Bit by bit, Tarek’s influence begins to wane. All too quickly, the consuming deluge becomes nothing more than a trickle. I’m tempted to grab his head to keep him here. The drive to force him to stay pressed against me, feeding me from the depths of his strength, is abruptly all consuming. A new hunger arises, one that I suspect is solely linked to the Sanguinna in me. The staggering demand for blood hits me so hard and so fast that it triggers a flare of panic. Cold alarm hammers through me, and I think it’s the only thing that allows me to shackle the pounding urge and keep my hands down and my sudden thirst in check.

The stream of power from Tarek stops completely, and the thrumming need for blood quiets from a pummeling demand to a manageable tap against my senses. Tarek’s hands continue to hold me in place, and a spark of confusion flickers through me. Why is he not stepping back? And then his stationary lips, where they’re still pressed against mine, start to move.

His mouth is tentative at first, searching. Doubt drips through me, not having watched him do this with Skull and Bones, but then he lightly suckles my bottom lip, and my uncertainty unravels. This isn’t about glamour; this is a surrender to the driving desire that’s been building since the first night that I washed his body and tempted his soul.

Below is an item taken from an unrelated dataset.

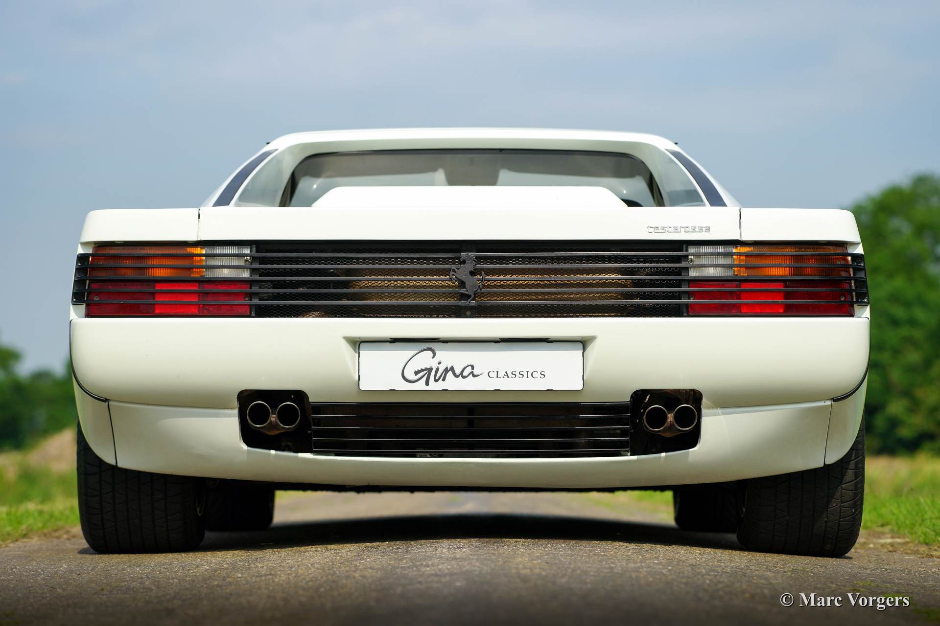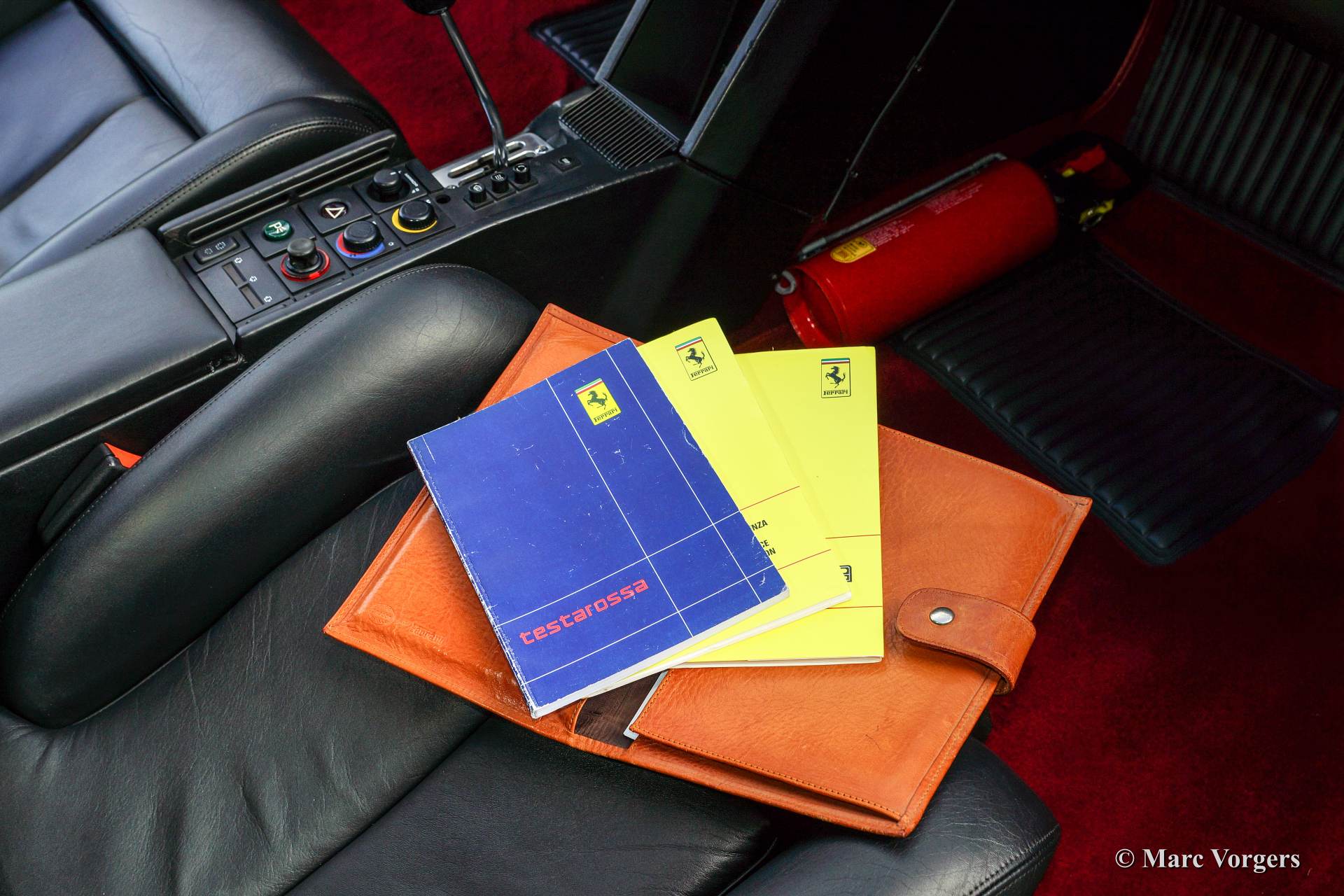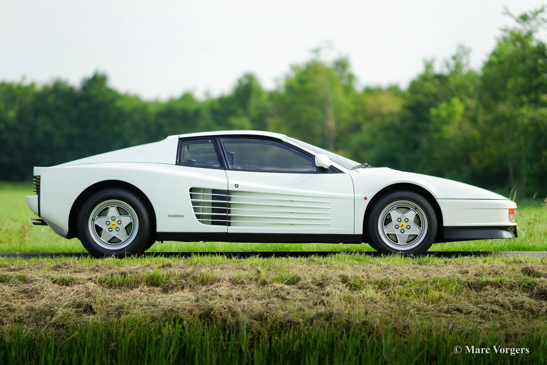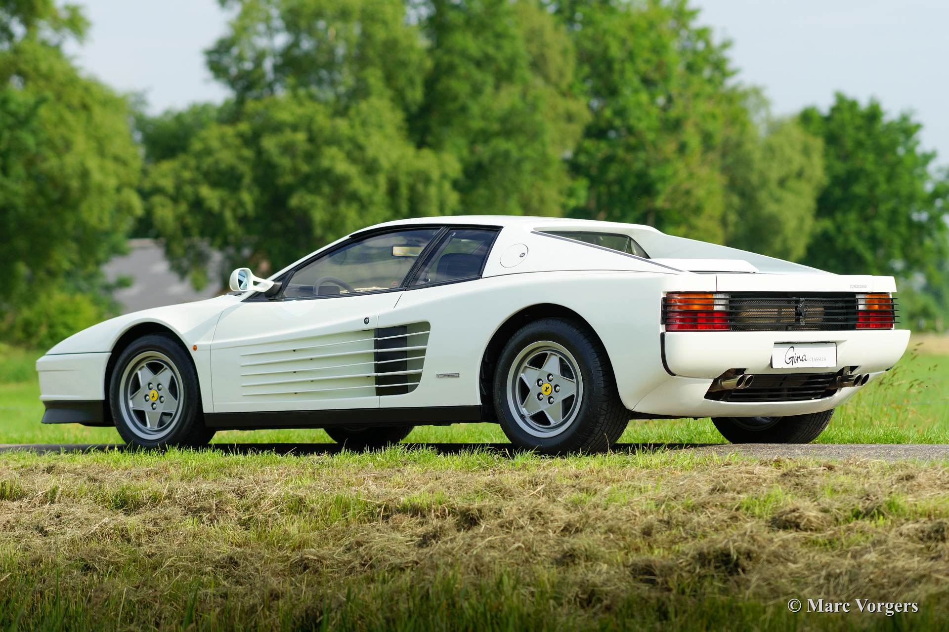 Ferrari Testarossa, year (June) 1988. Colour white (Bianco Avus, colour code FER 100) with a black leather interior and red carpet.

Gone is the thura that Tarek was pouring into me, and in its place is his tantalizing and tortuous tongue as he begins to insatiably plunder my mouth. I mewl softly, ready to drown in the feel of him, the feel of us as we finally collide and ignite. He works expertly around my fangs, careful not to nick himself, although the prickling in my gut that wants his blood to be streaming down my throat right now wishes he would.

I once again freeze, disturbed by the direction of my desire, but Tarek growls his objection to my sudden inaction, and the carnal sound crushes my hesitation under the weight of his voracious hunger. Abandoning all inhibition, I dive into the want and possession I feel in his kiss, meeting it with my own. We nibble and imbibe, trading fervor back and forth, and then Tarek slows, taking our mouths and connection from a frenzy to a measured, methodical devouring. Each stroke of his tongue against mine, every pull and suckle of his lips, has potent need coursing through me like venom. I burn and transform from the contact, no longer sure of who I’ll be on the other side of this, but there isn’t an ounce of me that cares.

If the three of them are the bargain for my soul, they can have it.

I thread my fingers in Tarek’s hair only to find his loose waves have been pulled tightly behind his head. My eyes snap open, and I discover that Tarek’s snowflake-blue eyes and ivory complexion are now hidden underneath the same black and white glamour that the rest of us are draped in.